● **Your goal**
Leave the pictures out. Retype exactly the lines below from the one containing "Certified as a" through the one containing "Obraz premium Serene", and no others.

● **Extracted records**

-*-

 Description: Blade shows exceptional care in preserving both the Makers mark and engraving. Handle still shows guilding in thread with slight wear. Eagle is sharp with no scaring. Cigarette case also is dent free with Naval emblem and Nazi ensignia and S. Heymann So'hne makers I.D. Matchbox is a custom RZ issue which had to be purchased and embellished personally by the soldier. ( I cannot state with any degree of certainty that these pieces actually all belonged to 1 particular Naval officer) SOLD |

-*-

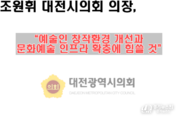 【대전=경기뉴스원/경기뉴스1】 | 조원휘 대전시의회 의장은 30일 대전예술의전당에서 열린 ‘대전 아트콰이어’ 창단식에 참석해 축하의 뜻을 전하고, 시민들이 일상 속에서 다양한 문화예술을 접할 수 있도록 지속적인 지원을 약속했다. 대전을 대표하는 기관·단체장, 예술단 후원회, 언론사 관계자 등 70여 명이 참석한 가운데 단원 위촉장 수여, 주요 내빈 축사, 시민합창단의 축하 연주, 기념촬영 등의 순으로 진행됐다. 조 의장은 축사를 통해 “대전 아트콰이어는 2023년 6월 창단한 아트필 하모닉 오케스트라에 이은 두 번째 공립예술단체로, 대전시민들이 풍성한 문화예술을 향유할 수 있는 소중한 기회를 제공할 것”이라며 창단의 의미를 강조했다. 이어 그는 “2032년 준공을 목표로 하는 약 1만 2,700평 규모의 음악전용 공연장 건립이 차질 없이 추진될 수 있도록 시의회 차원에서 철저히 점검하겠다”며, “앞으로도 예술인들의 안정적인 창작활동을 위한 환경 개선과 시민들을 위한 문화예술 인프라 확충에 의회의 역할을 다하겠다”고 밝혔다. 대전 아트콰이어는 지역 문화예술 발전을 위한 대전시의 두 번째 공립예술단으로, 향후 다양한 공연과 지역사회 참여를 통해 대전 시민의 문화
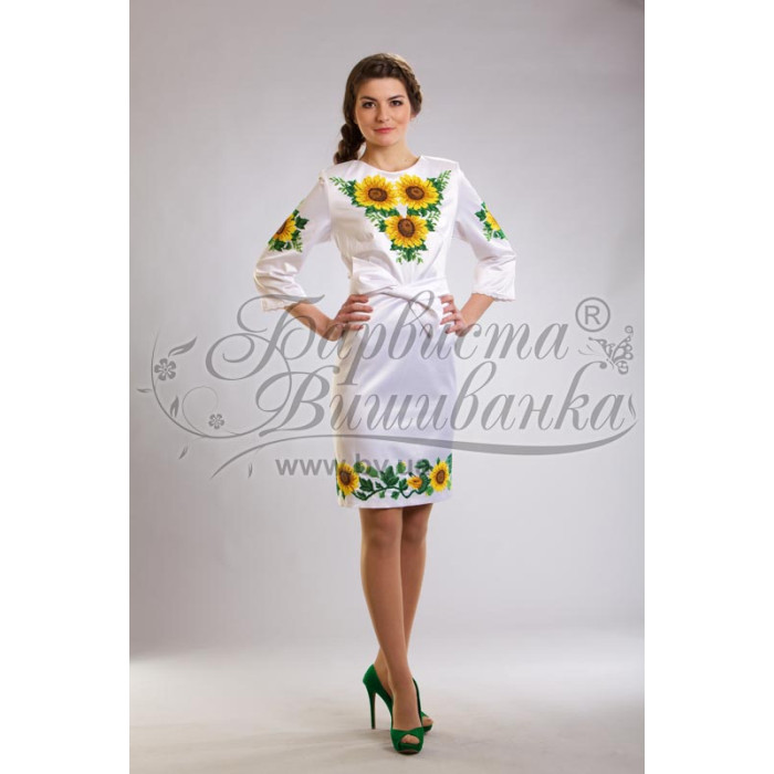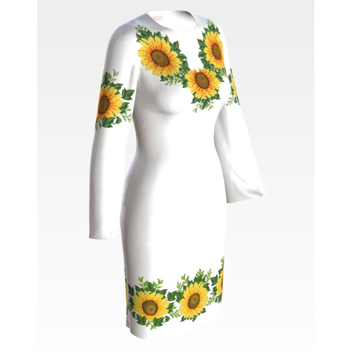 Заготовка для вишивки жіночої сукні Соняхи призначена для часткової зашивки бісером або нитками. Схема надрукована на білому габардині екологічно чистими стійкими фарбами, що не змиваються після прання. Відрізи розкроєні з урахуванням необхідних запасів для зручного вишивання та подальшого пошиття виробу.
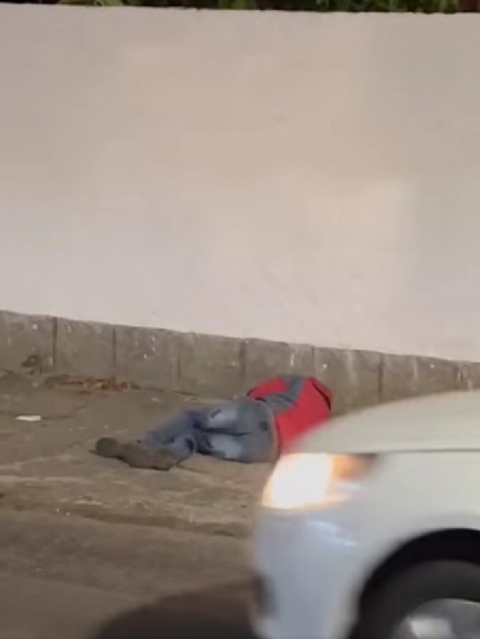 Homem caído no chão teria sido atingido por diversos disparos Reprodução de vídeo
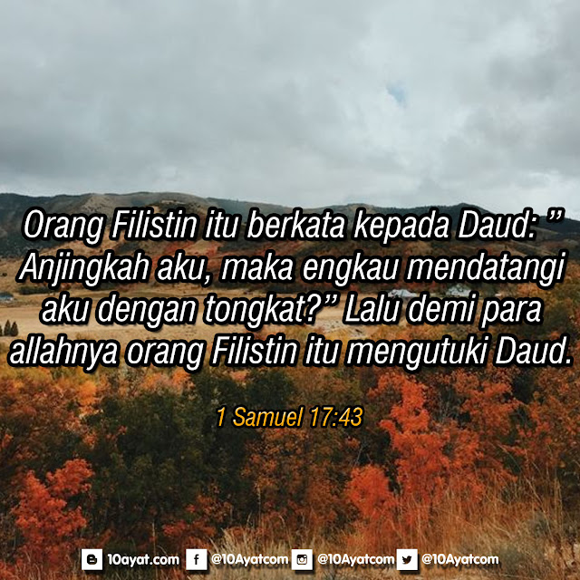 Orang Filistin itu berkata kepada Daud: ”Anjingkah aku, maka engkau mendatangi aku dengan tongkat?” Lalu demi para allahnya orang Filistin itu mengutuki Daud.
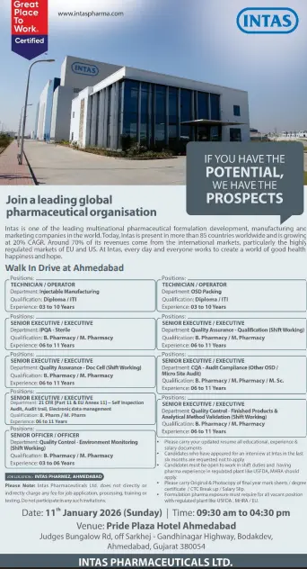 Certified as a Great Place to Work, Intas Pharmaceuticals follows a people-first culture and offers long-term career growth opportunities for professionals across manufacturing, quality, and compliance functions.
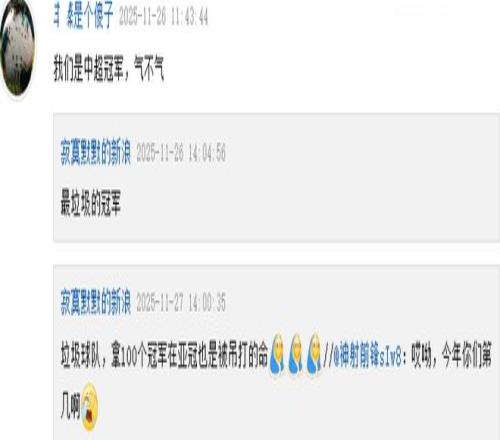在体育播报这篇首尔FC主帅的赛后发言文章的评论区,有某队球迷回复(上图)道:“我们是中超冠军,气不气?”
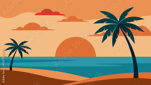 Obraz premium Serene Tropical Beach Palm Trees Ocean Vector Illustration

-*-

● **Completed exercise**
 Certified as a Great Place to Work, Intas Pharmaceuticals follows a people-first culture and offers long-term career growth opportunities for professionals across manufacturing, quality, and compliance functions.
在体育播报这篇首尔FC主帅的赛后发言文章的评论区,有某队球迷回复(上图)道:“我们是中超冠军,气不气?”
 Obraz premium Serene Tropical Beach Palm Trees Ocean Vector Illustration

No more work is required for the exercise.